On Fri, May 07, 2010 at 05:31:16AM +0200, Martin Bähr wrote:
> On Thu, May 06, 2010 at 06:43:04PM -0400, Michael K. Johnson wrote:
> > Here's a configuration that uses fewer larger machines:
> > 
> > 16GB, dual-quad-core systems with decent disk:
> > 1 Postgresql commit repository, conary repository, Yum repository (RAID1)
> > 1 rmake postgresql (ephemeral) repository, rmake job database
> >   Mirrorball front end, rMake head node (RAID1)
> 
> could these be combined into one even larger machine?
> (say a dual-quad-core with 32GB or ram (or even more) or is that not
> enough cpu then?

Not easily.  You get significant contention between the two heavy-use
postgresql databases here -- the postgresql commit repository
database, and the postgresql rmake (ephemeral) repository database
-- because the I/O load between them is not random; they tend to
peak together, so running them together is going to tend to slow
it all down.   It's not so much the CPU; the limiting factor is
probably disk IO.  If you configured the system with enough disks
and put the two databases on entirely separate sets of spindles so
that the heads move entirely independently, it is possible that this
configuration could work OK.  However, I want to make it clear that
we have not tested this configuration and so we can't tell you that
it would perform well.  Others might be able to point out reasons
I haven't thought of why it would have trouble.

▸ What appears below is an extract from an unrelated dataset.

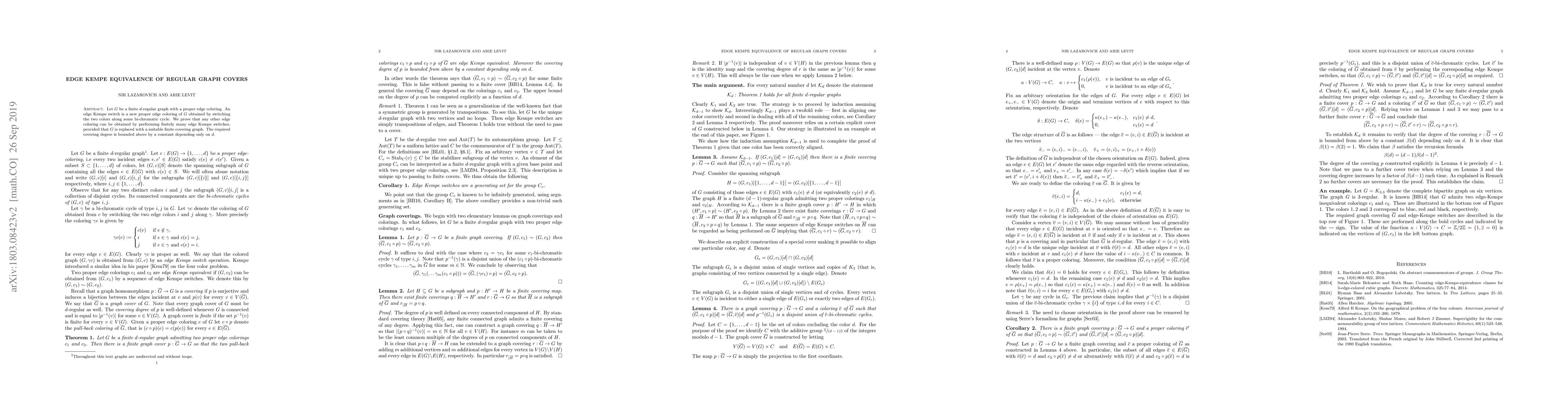Let $G$ be a finite $d$-regular graph with a proper edge coloring. An edge Kempe switch is a new proper edge coloring of $G$ obtained by switching the two colors along some bi-chromatic cycle. We prove that any other edge coloring can be obtained by performing finitely many edge Kempe switches, provided that $G$ is replaced with a suitable finite covering graph. The required covering degree is bounded above by a constant depending only on $d$.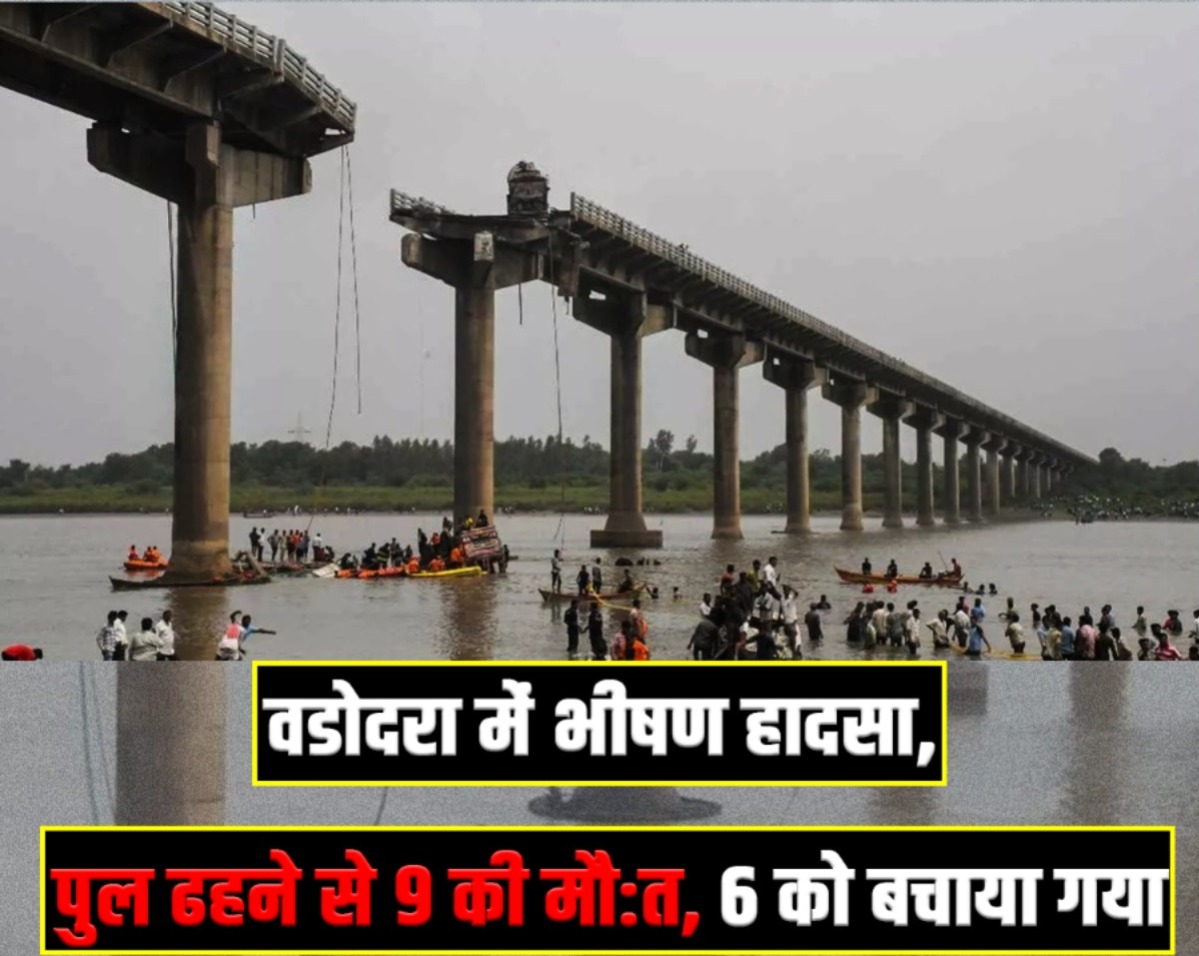 गुजरात के वडोदरा में बुधवार सुबह एक बड़ा हादसा हुआ, जब महिसागर नदी पर स्थित गंभीरा पुल का एक हिस्सा अचानक ढह गया। हादसे में दो ट्रक, एक वैन और एक कार समेत कुल चार वाहन नदी में गिर गए। अब तक 9 लोगों की मौत की पुष्टि हो चुकी है, जबकि 6 लोगों को सुरक्षित बचा लिया गया है। रेस्क्यू ऑपरेशन अभी भी जारी है। मुख्यमंत्री ने उच्च स्तरीय जांच के आदेश दिए हैं और सड़क एवं भवन विभाग को ठोस कार्रवाई के निर्देश दिए हैं। स्थानीय प्रशासन और राहत दल मौके पर मौजूद हैं। हादसा सुबह करीब 7:30 बजे हुआ, जब कई वाहन पुल पार कर रहे थे।

If I had an unused and idle 32GB system with 8-12 cores and 6
fast spindles, I'd probably try this configuration just as an
experiment to see how it would work...  :)  But it seems to me
that recommending it without having tried something similar is an
invitation to possibly waste time, and I don't want to go there.

> > 16GB, dual-quad-core systems with decent disk:
> > 2-3 rMake build nodes (RAID0)
> > 8GB, quad-core systems with decent disk:
> > 3-4 rMake build nodes (RAID0)
> > 4GB, dual-core systems:
> > 4-8 rMake build nodes (RAID0)
> 
> it looks like build nodes would scale independently of the servers, weak
> build nodes could be scaled by just having more of them. (convert
> desktops overnight :-)

It doesn't scale linearly.  As you add build nodes, you can trip over
various performance cliffs.  For example, adding build nodes can
saturate the DB, at which point adding more rMake build nodes would
just make the builds go slower, not faster -- a machine corollary
of Brooks' law that "adding more programmers to a late software
project makes it later"...

(If you compare http://hg.rpath.com/rmake-2.0/ to trunk development
at http://hg.rpath.com/rmake/ you'll see massive changes in trunk --
one of several significant motivations for the redesign is to make
rMake scale better when given more build nodes.)

A problem with adding desktops overnight is that current rMake does
not have a good way to idle a build node; the whole build process can
recover if an rMake build node goes offline, but some builds will
have to be restarted.  Another is that, as I've mentioned before,
all the systems have to be in close network proximity to each other
for this to work well; this is not a s...@home style workload.

> do buildnodes need to run a conary OS or would it be enough to run them
> chroot style inside any linux OS?

We have not tried to run them in chroots.  I can't tell you off the
top of my head what might or might not work there.  We would provide
appliances to install on systems if we're going to help with this
so that we don't waste time dealing with config.